Still, Medani insists the protests signal the emergence of a young opposition that, if joined with traditional opposition parties, could force change.
“We haven’t lost the spirit,” he said.
THE GHOST HOUSE
When student activist Mohammed Salah was arrested last May, he was taken to one of Khartoum’s most notorious detention centers, known as the Ghost House. There, he told the AP, he received the “reception” given to newly arrived, political detainees. Over several days, he was systematically flogged, kicked, beaten, even bitten in the cheek, all while blindfolded and handcuffed. Once, he was hit so hard he temporarily lost sight in one eye.
He was held in solitary for 60 days, removed only for interrogations sometimes lasting more than 20 hours.
Salah was arrested for leading a university protest denouncing the killing of another student. He and his colleagues demanded the removal of so-called “jihadi crews,” groups of armed government supporters stationed at universities to crush any protests — one tool of the government to silence dissent.

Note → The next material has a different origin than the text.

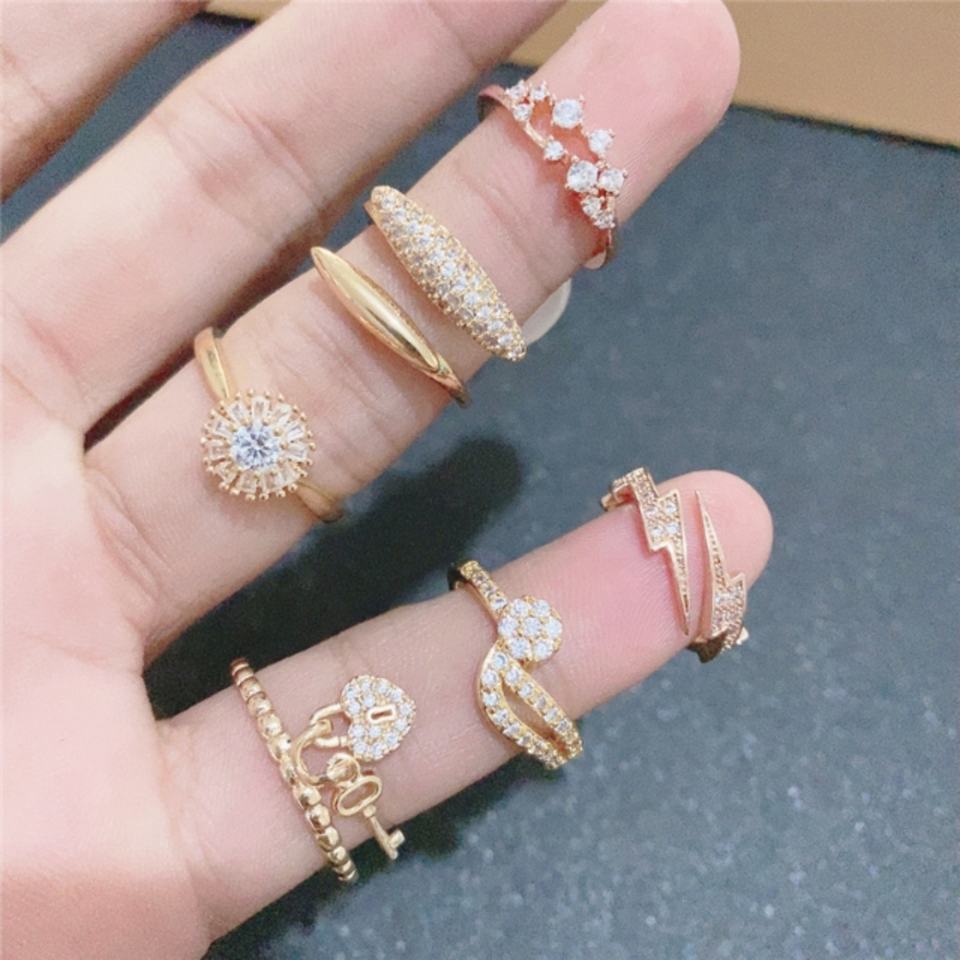 แหวนทองชุบขายส่ง Jxx แหวนแฟชั่นแบบคละแบบสำหรับผู้หญิง แหวนหมั้นราคาถูกประดับเพชรซิร์คอน

Human rights groups have frequently denounced Sudan’s use of torture. Amnesty International in a report last month pointed to arrests of students, activists, rights workers and journalists from 2012-2014, some of whom faced torture and other abuses.
The arrest — and an earlier one also over protests — gave Saleh an experience in the ways of torture.
“The main concept is humiliation,” he said. Detention, he said, aims to instill fear in the detainee by controlling and isolating him.
“In the end, I keep this in my mind,” Salah said. “The death of an individual will not kill the cause.”
THE NEWSPAPER EDITOR
When the weekly newspaper Al-Midan ran a statement by a rebel group supporting protesters demanding better services, authorities quickly confiscated the edition. The paper’s chief editor, Madeha Abdullah, was hauled before prosecutors and charged with “attempting to topple the constitutional system” — a crime punishable by death.
When she heard the charges, “the prosecutor wondered why I was so cool,” Abdullah recalled.
Probably because it was nothing new for Sudan’s journalists. Newspapers are heavily censored, and editions are often pulled from the shelves after publication. On Feb. 14 alone, more than 15 different papers had that day’s edition confiscated. Journalists never know the reason as the measures are taken without written orders.
Abdullah said security authorities instruct editors over the phone on topics to avoid — the International Criminal Court, the conflict in Darfur, economic problems or corruption. Editors who don’t comply are summoned for prosecution.
From 2011 to 2013, Al-Midan —which is connected to Sudan’s Communist Party — was censored or banned nearly every week, though it was still able to appear on line.
Abdullah said the stress of being banned and censored is even worse than prosecution. “We keep working. We send the paper to the print house. They stop the publication,” she said. Her case has not been sent to trial and she suspects the charges will not be pursued — just left open to use against her later if needed.
The government also uses its monopoly over advertising to put a financial squeeze on papers.
“They wage different wars,” Abdullah said. “There is direct war through confiscation and censorship. There is an indirect siege on the paper’s resources.”